Par un arrêt n° 15LY03034 du 21 décembre 2017, la cour administrative d'appel de Lyon a rejeté l'appel formé par la société Autocars Faure contre ce jugement.
Par un pourvoi sommaire, un mémoire complémentaire et un mémoire en réplique, enregistrés les 21 février, 22 mai 2018 et 26 avril 2019 au secrétariat du contentieux du Conseil d'Etat, la société Autocars Faure demande au Conseil d'Etat :
1°) d'annuler cet arrêt ;
2°) réglant l'affaire au fond, de faire droit à son appel ;
3°) de mettre à la charge du département de l'Isère la somme de 4 000 euros au titre de l'article L. 761-1 du code de justice administrative.
Vu les autres pièces du dossier ;
Vu :
- le code des marchés publics ;
- le code de justice administrative ;
Après avoir entendu en séance publique :
- le rapport de M. François Lelièvre, maître des requêtes,
- les conclusions de Mme Mireille Le Corre, rapporteur public ;
La parole ayant été donnée, avant et après les conclusions, au Cabinet Briard, avocat de la société Autocars Faure, à la SCP Nicolaÿ, de Lanouvelle, Hannotin, avocat de la société Cars Philibert, et à la SCP Garreau, Bauer-Violas, Feschotte-Desbois, avocat du département de l'Isère ;
Considérant ce qui suit :
1. Il ressort des pièces du dossier soumis aux juges du fond que le département de l'Isère a lancé au mois de novembre 2012 une procédure d'appel d'offres ouvert pour la passation d'un marché alloti de services réguliers de transports publics non urbains de personnes par voie terrestre.
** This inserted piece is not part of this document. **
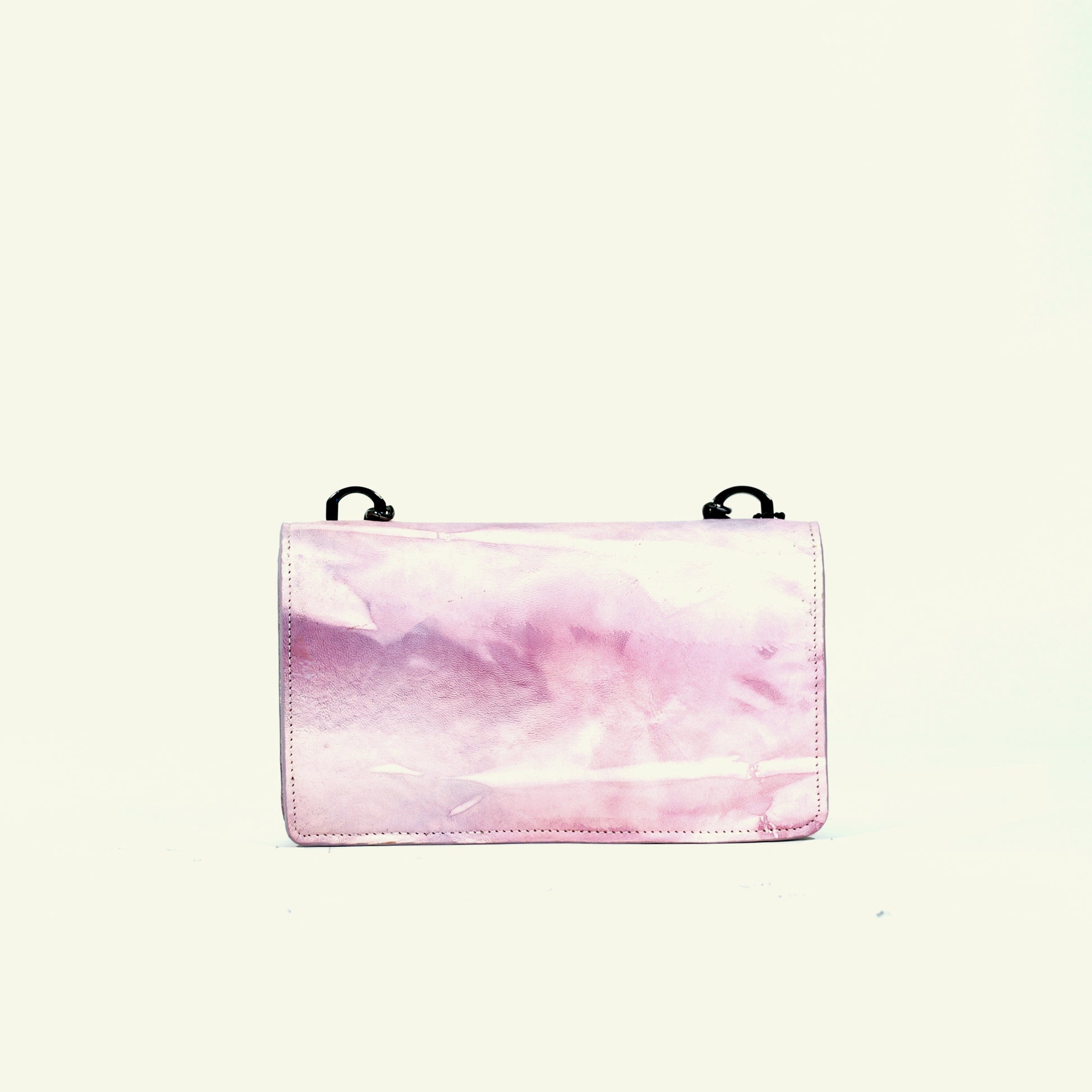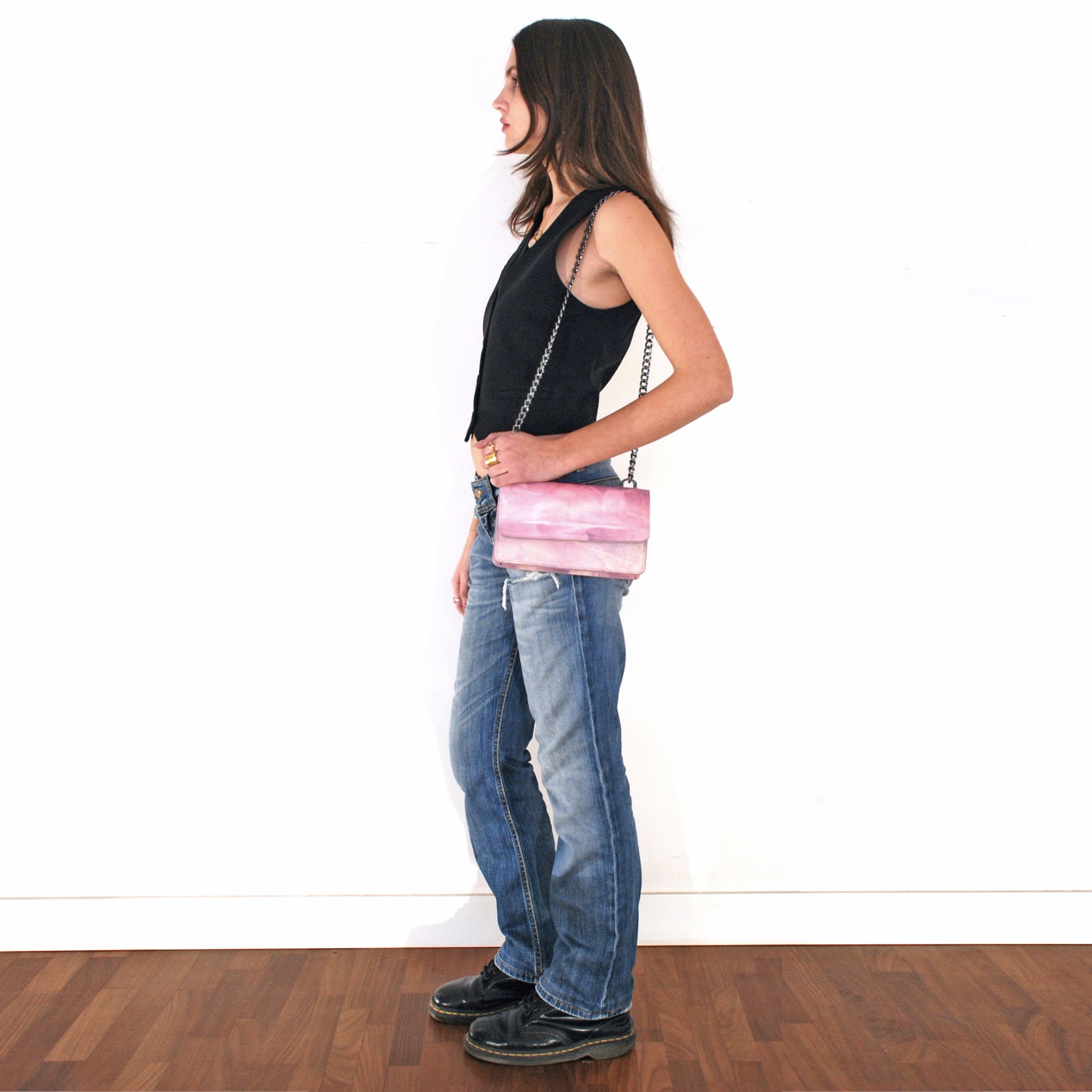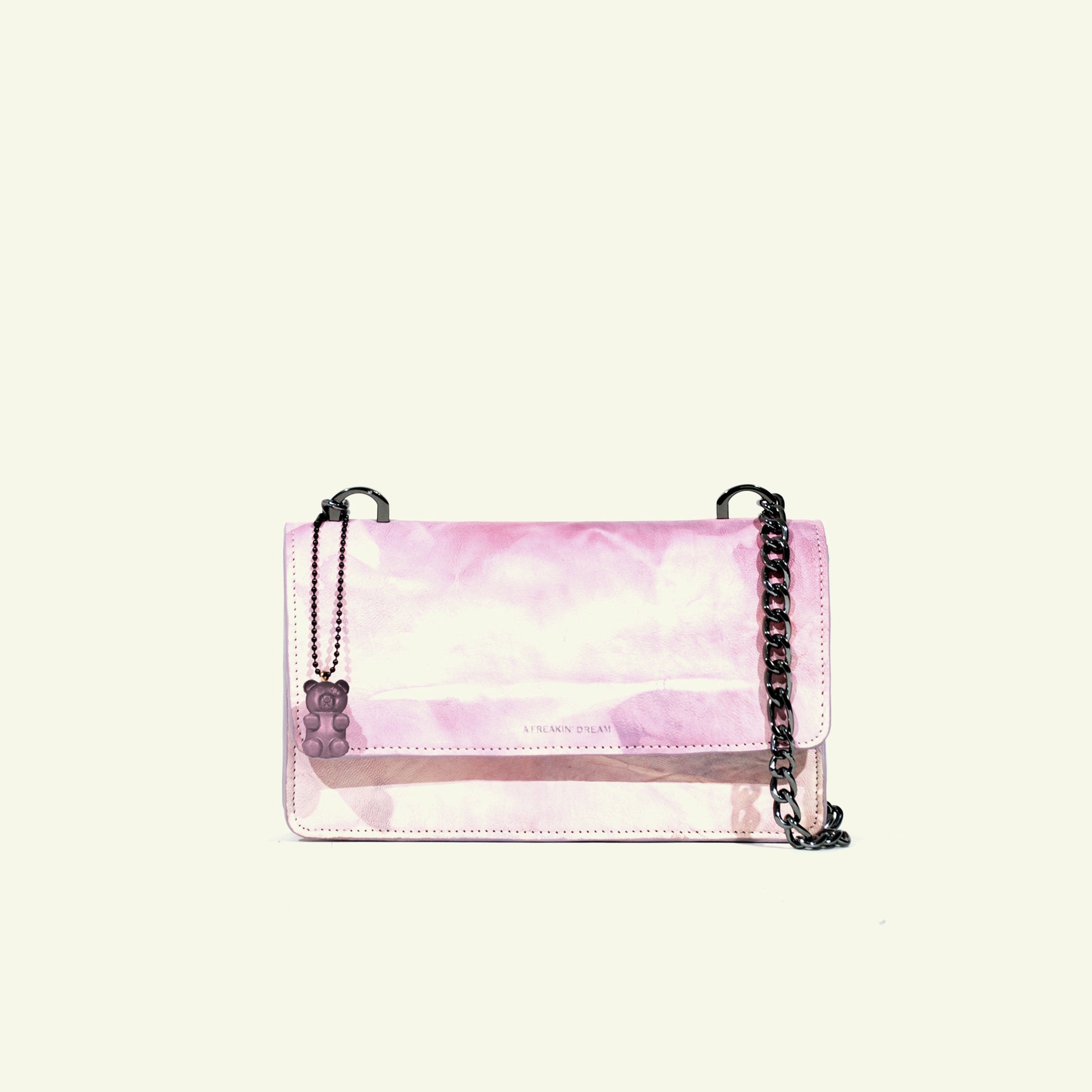 The Brenda Bag in “Skin Tie-Dye” features soft pink tones blended in a hand-airbrushed tie-dye effect. Its single-compartment design with flap and chain strap brings an artistic, light touch to everyday elegance.

L'offre présentée par un groupement d'entreprises composé des sociétés Autocars Faure et Voyages Monnet pour le lot n° 10, relatif à la ligne départementale de desserte du secteur de Grand Lemps, a été classée en seconde position. Le contrat a été conclu le 19 juillet 2013 avec la société Cars Philibert. Par un jugement du 1er juillet 2015, le tribunal administratif de Grenoble a rejeté la demande de la société Autocars Faure tendant, d'une part, à l'annulation de ce marché et, d'autre part, à la condamnation du département de l'Isère à l'indemniser du préjudice résultant de son éviction. La société Autocars Faure se pourvoit en cassation contre l'arrêt du 21 décembre 2017 par lequel la cour administrative d'appel de Lyon a rejeté son appel.
2. Le pouvoir adjudicateur définit librement la méthode de notation pour la mise en oeuvre de chacun des critères de sélection des offres qu'il a retenus et rendus publics. Toutefois, une méthode de notation est entachée d'irrégularité si, en méconnaissance des principes fondamentaux d'égalité de traitement des candidats et de transparence des procédures, elle est, par elle-même, de nature à priver de leur portée les critères de sélection ou à neutraliser leur pondération et est, de ce fait, susceptible de conduire, pour la mise en oeuvre de chaque critère, à ce que la meilleure note ne soit pas attribuée à la meilleure offre, ou, au regard de l'ensemble des critères pondérés, à ce que l'offre économiquement la plus avantageuse ne soit pas choisie. Il en va ainsi alors même que le pouvoir adjudicateur, qui n'y est pas tenu, aurait rendu publique, dans l'avis d'appel à concurrence ou les documents de la consultation, une telle méthode de notation.
3. Une méthode de notation des offres par laquelle le pouvoir adjudicateur laisse aux candidats le soin de fixer, pour l'un des critères ou sous-critères, la note qu'ils estiment devoir leur être attribuée est, par elle-même, de nature à priver de portée utile le critère ou sous-critère en cause si cette note ne peut donner lieu à vérification au stade de l'analyse des offres, quand bien même les documents de la consultation prévoiraient que le candidat attributaire qui ne respecterait pas, lors de l'exécution du marché, les engagements que cette note entend traduire pourrait, de ce fait, se voir infliger des pénalités.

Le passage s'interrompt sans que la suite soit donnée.